__Assignment__: Go through the listing below and return every line exactly.

__Excerpted records__:
Start of Block

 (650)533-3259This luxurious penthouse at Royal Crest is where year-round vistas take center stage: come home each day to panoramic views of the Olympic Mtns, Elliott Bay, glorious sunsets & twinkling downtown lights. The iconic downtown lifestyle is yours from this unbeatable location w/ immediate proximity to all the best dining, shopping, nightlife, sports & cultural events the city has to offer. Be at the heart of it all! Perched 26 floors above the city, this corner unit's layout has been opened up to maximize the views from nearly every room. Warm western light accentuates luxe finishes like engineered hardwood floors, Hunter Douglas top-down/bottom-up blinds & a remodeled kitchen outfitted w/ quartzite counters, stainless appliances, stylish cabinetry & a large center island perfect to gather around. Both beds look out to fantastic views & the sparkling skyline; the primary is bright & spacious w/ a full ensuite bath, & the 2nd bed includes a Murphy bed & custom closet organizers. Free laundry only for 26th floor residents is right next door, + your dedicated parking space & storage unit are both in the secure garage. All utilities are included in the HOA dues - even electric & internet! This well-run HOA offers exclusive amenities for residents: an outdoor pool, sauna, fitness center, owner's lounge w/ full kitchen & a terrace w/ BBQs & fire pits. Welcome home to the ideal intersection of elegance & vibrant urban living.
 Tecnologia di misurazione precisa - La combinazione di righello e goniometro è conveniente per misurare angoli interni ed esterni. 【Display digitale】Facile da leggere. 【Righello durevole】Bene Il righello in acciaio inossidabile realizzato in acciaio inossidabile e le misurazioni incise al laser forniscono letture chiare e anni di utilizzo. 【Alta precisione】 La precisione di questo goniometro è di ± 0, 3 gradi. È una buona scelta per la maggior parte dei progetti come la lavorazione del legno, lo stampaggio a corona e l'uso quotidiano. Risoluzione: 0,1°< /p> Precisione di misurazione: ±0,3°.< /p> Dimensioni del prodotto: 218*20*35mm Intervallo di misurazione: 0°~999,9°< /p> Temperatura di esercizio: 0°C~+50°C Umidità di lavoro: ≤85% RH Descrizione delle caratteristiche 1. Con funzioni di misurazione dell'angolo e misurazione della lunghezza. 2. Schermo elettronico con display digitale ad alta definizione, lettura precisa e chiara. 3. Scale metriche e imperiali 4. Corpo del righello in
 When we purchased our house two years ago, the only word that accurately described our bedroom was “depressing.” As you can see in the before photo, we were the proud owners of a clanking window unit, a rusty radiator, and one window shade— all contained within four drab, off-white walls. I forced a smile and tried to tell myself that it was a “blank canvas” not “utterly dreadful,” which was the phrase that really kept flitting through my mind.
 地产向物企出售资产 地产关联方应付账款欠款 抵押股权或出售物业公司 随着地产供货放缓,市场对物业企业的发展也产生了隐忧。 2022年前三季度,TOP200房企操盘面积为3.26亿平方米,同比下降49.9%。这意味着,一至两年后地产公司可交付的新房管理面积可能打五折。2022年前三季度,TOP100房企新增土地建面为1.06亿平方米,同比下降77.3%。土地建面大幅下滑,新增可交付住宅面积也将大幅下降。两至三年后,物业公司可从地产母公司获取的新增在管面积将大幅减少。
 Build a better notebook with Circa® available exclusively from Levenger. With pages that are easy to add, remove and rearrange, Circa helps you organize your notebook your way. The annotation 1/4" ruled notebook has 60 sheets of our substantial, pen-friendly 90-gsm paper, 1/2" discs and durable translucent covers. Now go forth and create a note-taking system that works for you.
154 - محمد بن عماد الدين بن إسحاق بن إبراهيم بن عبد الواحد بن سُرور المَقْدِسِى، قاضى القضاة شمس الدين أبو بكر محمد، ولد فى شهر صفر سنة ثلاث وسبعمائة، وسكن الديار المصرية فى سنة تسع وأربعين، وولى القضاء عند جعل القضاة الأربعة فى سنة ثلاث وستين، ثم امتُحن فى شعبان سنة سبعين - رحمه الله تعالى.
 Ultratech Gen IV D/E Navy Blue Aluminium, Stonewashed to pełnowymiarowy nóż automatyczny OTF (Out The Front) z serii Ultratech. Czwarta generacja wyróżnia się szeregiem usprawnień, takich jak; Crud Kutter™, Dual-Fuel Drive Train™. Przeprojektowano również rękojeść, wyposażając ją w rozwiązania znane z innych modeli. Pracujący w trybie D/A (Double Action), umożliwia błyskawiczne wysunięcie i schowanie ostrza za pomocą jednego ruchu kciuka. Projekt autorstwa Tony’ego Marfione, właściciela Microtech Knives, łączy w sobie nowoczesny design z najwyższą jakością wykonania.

End of Block

__Reply__:
 (650)533-3259This luxurious penthouse at Royal Crest is where year-round vistas take center stage: come home each day to panoramic views of the Olympic Mtns, Elliott Bay, glorious sunsets & twinkling downtown lights. The iconic downtown lifestyle is yours from this unbeatable location w/ immediate proximity to all the best dining, shopping, nightlife, sports & cultural events the city has to offer. Be at the heart of it all! Perched 26 floors above the city, this corner unit's layout has been opened up to maximize the views from nearly every room. Warm western light accentuates luxe finishes like engineered hardwood floors, Hunter Douglas top-down/bottom-up blinds & a remodeled kitchen outfitted w/ quartzite counters, stainless appliances, stylish cabinetry & a large center island perfect to gather around. Both beds look out to fantastic views & the sparkling skyline; the primary is bright & spacious w/ a full ensuite bath, & the 2nd bed includes a Murphy bed & custom closet organizers. Free laundry only for 26th floor residents is right next door, + your dedicated parking space & storage unit are both in the secure garage. All utilities are included in the HOA dues - even electric & internet! This well-run HOA offers exclusive amenities for residents: an outdoor pool, sauna, fitness center, owner's lounge w/ full kitchen & a terrace w/ BBQs & fire pits. Welcome home to the ideal intersection of elegance & vibrant urban living.
 Tecnologia di misurazione precisa - La combinazione di righello e goniometro è conveniente per misurare angoli interni ed esterni. 【Display digitale】Facile da leggere. 【Righello durevole】Bene Il righello in acciaio inossidabile realizzato in acciaio inossidabile e le misurazioni incise al laser forniscono letture chiare e anni di utilizzo. 【Alta precisione】 La precisione di questo goniometro è di ± 0, 3 gradi. È una buona scelta per la maggior parte dei progetti come la lavorazione del legno, lo stampaggio a corona e l'uso quotidiano. Risoluzione: 0,1°< /p> Precisione di misurazione: ±0,3°.< /p> Dimensioni del prodotto: 218*20*35mm Intervallo di misurazione: 0°~999,9°< /p> Temperatura di esercizio: 0°C~+50°C Umidità di lavoro: ≤85% RH Descrizione delle caratteristiche 1. Con funzioni di misurazione dell'angolo e misurazione della lunghezza. 2. Schermo elettronico con display digitale ad alta definizione, lettura precisa e chiara. 3. Scale metriche e imperiali 4. Corpo del righello in
 When we purchased our house two years ago, the only word that accurately described our bedroom was “depressing.” As you can see in the before photo, we were the proud owners of a clanking window unit, a rusty radiator, and one window shade— all contained within four drab, off-white walls. I forced a smile and tried to tell myself that it was a “blank canvas” not “utterly dreadful,” which was the phrase that really kept flitting through my mind.
 地产向物企出售资产 地产关联方应付账款欠款 抵押股权或出售物业公司 随着地产供货放缓,市场对物业企业的发展也产生了隐忧。 2022年前三季度,TOP200房企操盘面积为3.26亿平方米,同比下降49.9%。这意味着,一至两年后地产公司可交付的新房管理面积可能打五折。2022年前三季度,TOP100房企新增土地建面为1.06亿平方米,同比下降77.3%。土地建面大幅下滑,新增可交付住宅面积也将大幅下降。两至三年后,物业公司可从地产母公司获取的新增在管面积将大幅减少。
 Build a better notebook with Circa® available exclusively from Levenger. With pages that are easy to add, remove and rearrange, Circa helps you organize your notebook your way. The annotation 1/4" ruled notebook has 60 sheets of our substantial, pen-friendly 90-gsm paper, 1/2" discs and durable translucent covers. Now go forth and create a note-taking system that works for you.
154 - محمد بن عماد الدين بن إسحاق بن إبراهيم بن عبد الواحد بن سُرور المَقْدِسِى، قاضى القضاة شمس الدين أبو بكر محمد، ولد فى شهر صفر سنة ثلاث وسبعمائة، وسكن الديار المصرية فى سنة تسع وأربعين، وولى القضاء عند جعل القضاة الأربعة فى سنة ثلاث وستين، ثم امتُحن فى شعبان سنة سبعين - رحمه الله تعالى.
 Ultratech Gen IV D/E Navy Blue Aluminium, Stonewashed to pełnowymiarowy nóż automatyczny OTF (Out The Front) z serii Ultratech. Czwarta generacja wyróżnia się szeregiem usprawnień, takich jak; Crud Kutter™, Dual-Fuel Drive Train™. Przeprojektowano również rękojeść, wyposażając ją w rozwiązania znane z innych modeli. Pracujący w trybie D/A (Double Action), umożliwia błyskawiczne wysunięcie i schowanie ostrza za pomocą jednego ruchu kciuka. Projekt autorstwa Tony’ego Marfione, właściciela Microtech Knives, łączy w sobie nowoczesny design z najwyższą jakością wykonania.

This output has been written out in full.